I don’t know what I was expecting. I hadn’t thought past telling him I knew who he was.

Did we then run away into the sunset together? Holding hands and skipping like all is right in the world?

Did we walk out of here together, holding hands and smiling at each other?

That’s not us. That’s not what we do. It never has been, and it won’t be. I’m fine with that, but… where do we go from here?

I hadn’t anticipated Jaxon taking this badly. I was excited, and I thought he would be excited too. Yet… this doesn’t feel right.

The storm outside starts to ease, and I’ve caught my breath, but Jaxon is still breathing heavily—hyperventilating, maybe.

“What did you say?” he breathes out.

I grip the end of his ski mask and carefully pull it over his head. I run my fingers along his cheek, brush my thumb over his lips, wishing I could see him through the dark.

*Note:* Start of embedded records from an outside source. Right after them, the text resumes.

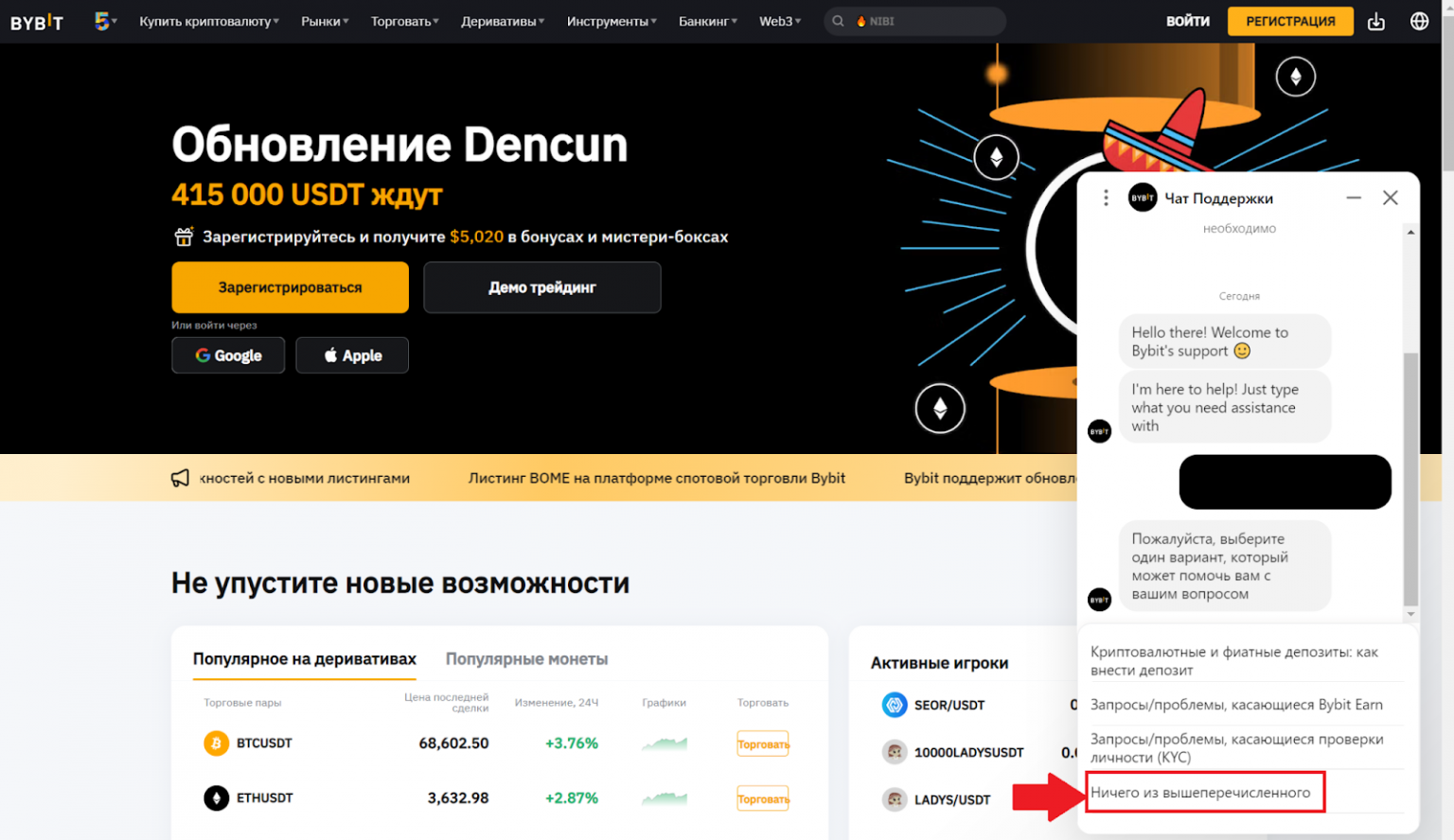Службу поддержки в любой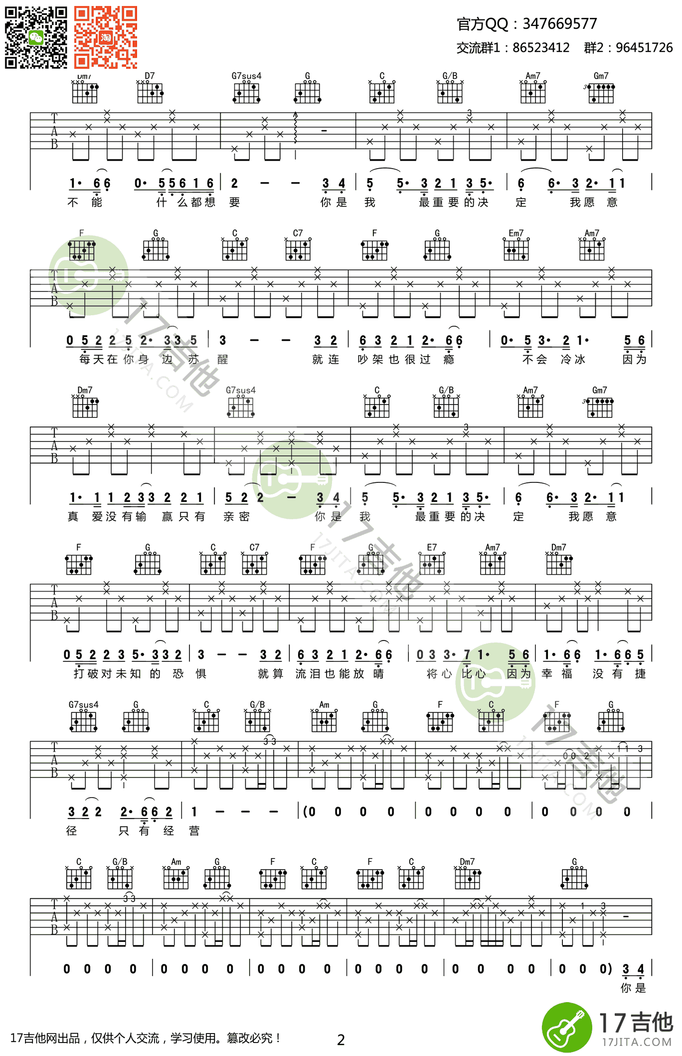 曲谱介绍: 范玮琪《最重要的决定》吉他弹唱谱,采用C调指法编配,共有3张高清图谱。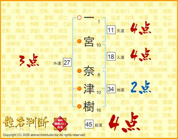 一宮奈津樹さんの総運は45画の4点!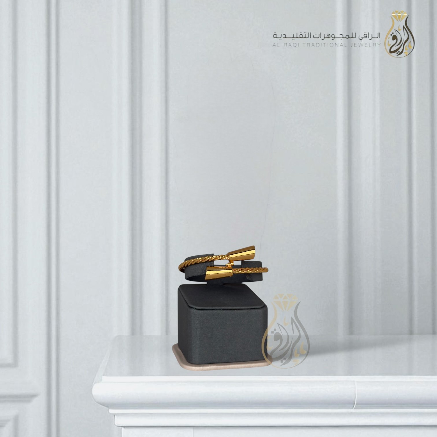 أسوارة أنيقة بتصميم حُبلي عصري يجمع بين القوة والفخامة. تأتي بلون ذهبي لامع مع لمسات نهائية مصقولة تضفي طابعاً فاخراً وملفتاً للنظر. تصميمها الانسيابي يجعلها قطعة مثالية للإطلالات اليومية والمناسبات الخاصة، ويمكن ارتداؤها منفردة أو مع اكسسوارات أخرى لمظهر أكثر تميزاً.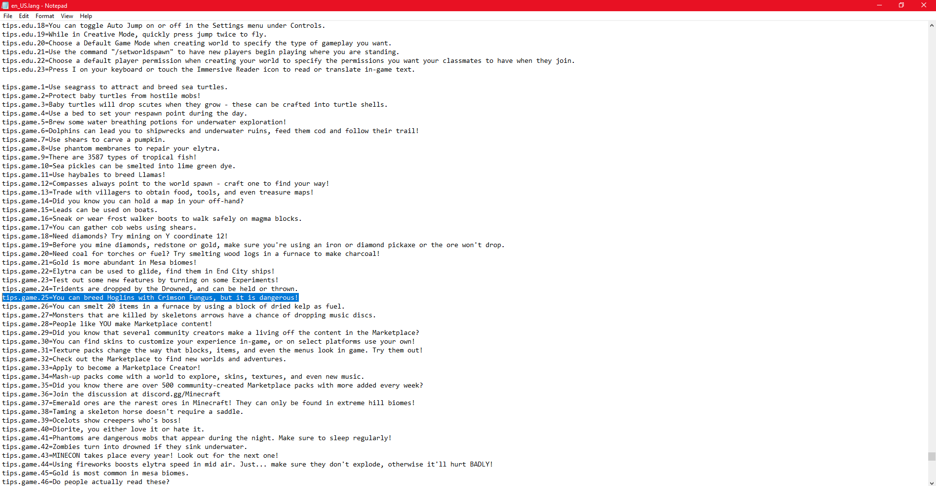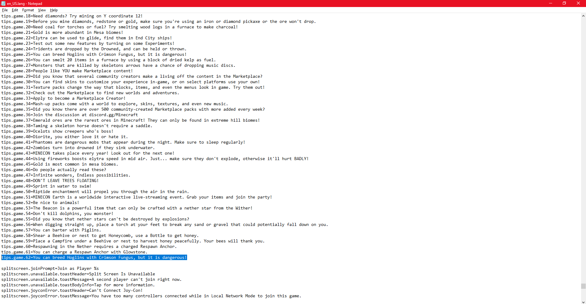 Duplicated Loading screen Tip. The Loading screen Tip is "You can breed Hoglins with Crimson Fungus, but it is dangerous! It appears in: tips.game.25 & tips.game.62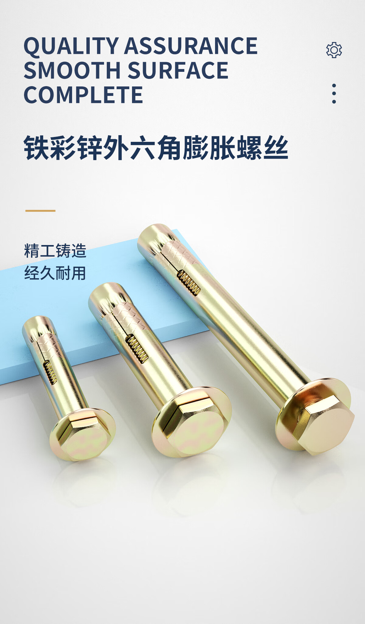 GUWANJI镀锌外六角内膨胀螺丝管空调地板澎胀拉爆爆炸内置膨胀螺栓M6-M12 M6*50[20只]
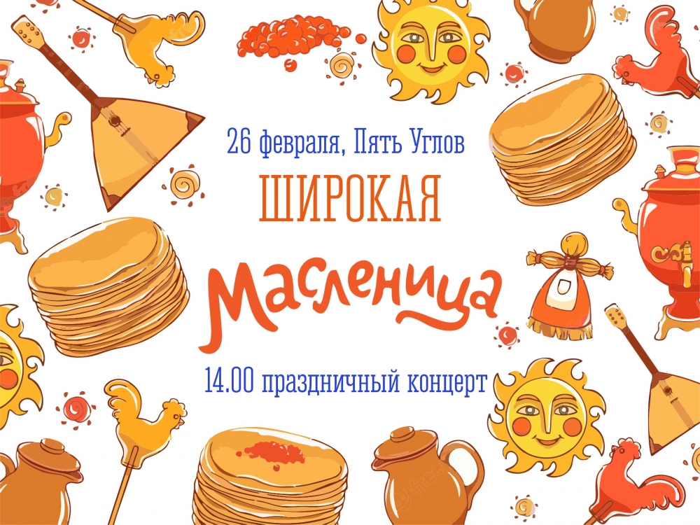 26 февраля, 12.00, Пять Углов, народное гулянье «Широкая Масленица»

“I know it’s you,” I say softly, still running my fingers along his cheek. The restraints are digging into my wrists, and the more I pull on them to touch him, the more it hurts.

“How…”

“Can you take these off?” I ask. He doesn’t move. “And maybe we should talk about this somewhere else.”

Still, he doesn’t move. I don’t know how to take this, I don’t know what he’s thinking.

“Jaxon,” I whisper. “I—”

“Fuck,” he growls, his voice full of pain and hurt. His body starts to shake, his forehead coming down against mine. His breaths are shaky, and I can tell he’s trying to keep it together.

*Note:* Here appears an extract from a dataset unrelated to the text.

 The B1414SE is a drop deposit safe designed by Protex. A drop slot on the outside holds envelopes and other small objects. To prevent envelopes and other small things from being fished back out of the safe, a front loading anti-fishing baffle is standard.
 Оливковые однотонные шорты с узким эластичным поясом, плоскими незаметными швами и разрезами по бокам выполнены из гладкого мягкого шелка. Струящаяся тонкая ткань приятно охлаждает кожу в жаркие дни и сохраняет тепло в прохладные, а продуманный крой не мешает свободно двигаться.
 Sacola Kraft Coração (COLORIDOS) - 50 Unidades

“It’s okay,” I whisper. “I’m okay with it. It’s okay.”

His breathing gets heavier and more ragged, his body still shaking.

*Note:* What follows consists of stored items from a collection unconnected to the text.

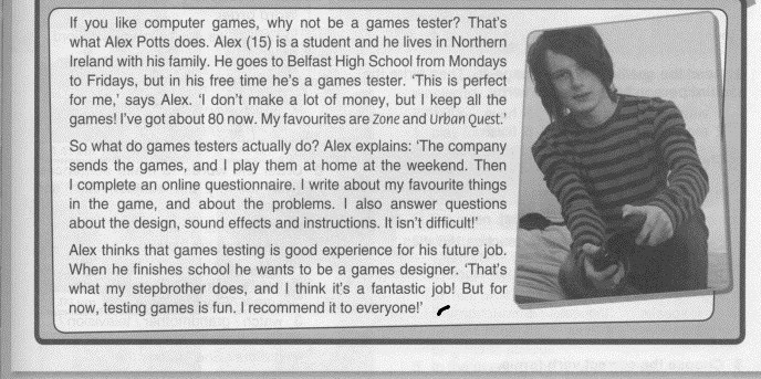 Если вам нравятся компьютерные игры, почему бы не быть тестером игр? Вот что делает Алекс Поттс. Алекс (15) - студент, и он живет в Северной Ирландии вместе со своей семьей. Он отправляется в среднюю школу в Белфасте с понедельника по пятницу, но в свободное время он является игровым тестером. Это идеально для меня, - говорит Алекс, - не делайте много денег, но я держу все игры, которые у меня есть сейчас 80. Мои фавориты - это зона и Urbaneuest. Так что же делают тестеры на самом деле? Алекс объясняет: Компания отправляет игры, и я играю их дома в выходные дни, а затем заполняю онлайн-анкету. Я пишу о своих любимых вещах в игре и о проблемах. Я также отвечаю на вопросы о дизайне, звуковых эффектах и инструкциях Это не сложно Алекс думает, что тестирование игр - это хороший опыт для его будущей работы. Когда он закончит школу, он хочет стать дизайнером игр. Это то, что делает мой сводный брат, и я думаю, что это фантастическая работа! игры - это весело.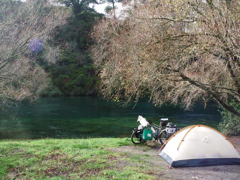 自転車に荷物がないのは、近くのキャンプ場にテントを張ってあるからだという。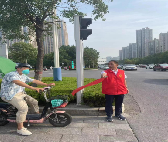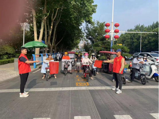 大家身穿红马甲,手持引导旗,引导过往行人和车辆遵守交通法规,文明行路、文明行车,对不文明交通行为进行劝导,提醒注意安全。遇到老人、儿童过斑马线时,大家也立即上前帮扶。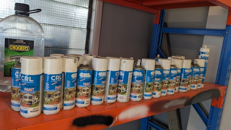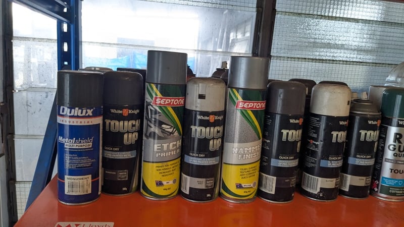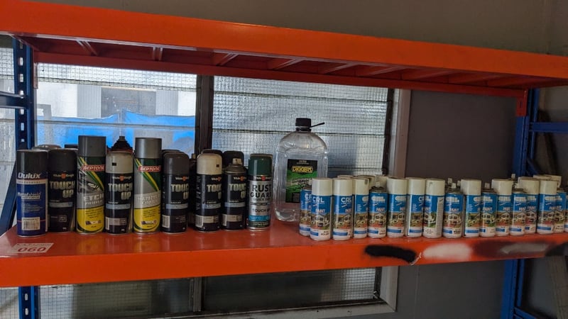 Assorted Spray Paint Cans, Various Colours, Quantity Shelf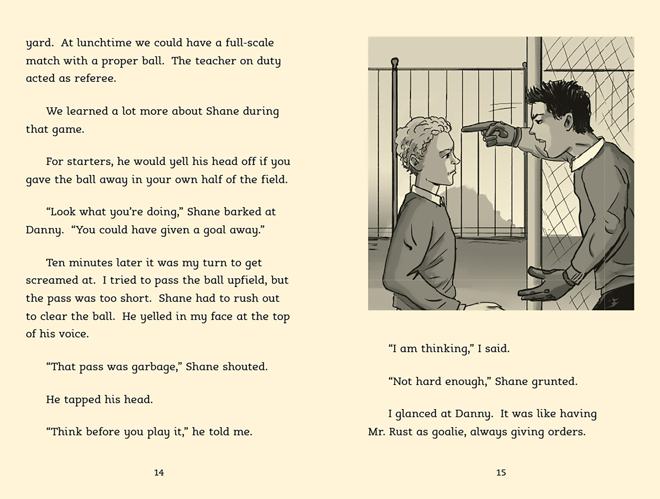 The North Star soccer team is thrilled when Shane, the new boy at school, turns out to be a talented goalkeeper. But Shane has a temper that gets him in trouble and a demanding father who acts out on the sidelines at every game. Soon Shane’s teammates start to worry that something is really wrong—and that Shane’s not nearly as tough as he seems.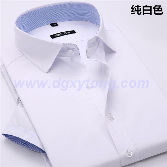 东莞短袖衬衫厂服厂家定做 男士商务短袖 夏款免烫 纯色衬衫 工装衬衣 职业修身

I do the only thing I can think of. I grab his face and bring his lips to mine. I feel the wetness of his lips before I taste the saltiness of the tears, and it chokes me up.

I don’t know why this is so emotional for him. I don’t know why he’s so upset about it, but I’m going to find out.

The kiss turns frantic, like he can’t get enough of me. I try to pull away, but I have nowhere to go.

“Jaxon,” I say, pleading. “Jaxon, pl—”

He nips at my lip, his tongue exploring my mouth. Whimpers and groans fill the room, and I’m not sure he’s hearing anything I’m saying.

“Jaxon,” I say a little harsher. “Let me out of these.”

With a growl, he pushes up, grabs onto the ropes right after my wrist and tugs so hard something on the desk breaks and lands on the floor.

But I’m free.

Before I can say a word, his mouth is back on mine and he’s lifting me up, pulling me to him. It feels like he needs me to live, like if he stops or slows, he’ll die.

I let him take what he needs.

He tears his mouth away from mine before dropping to the floor and going back to my pussy. I cry out, my hands digging through his hair. I don’t know how it happens, but he makes me come again, and I’m pretty sure this time it turned all my bones to noodles.

“Sailor,” he says frantically, his mouth coming back to mine. “Sailor, Sailor, Sailor…” He repeats my name over and over like a chant or a prayer between kissing me—my lips, my neck, my jaw, everywhere he can reach. I have to taste like absolute shit, but he doesn’t seem to care.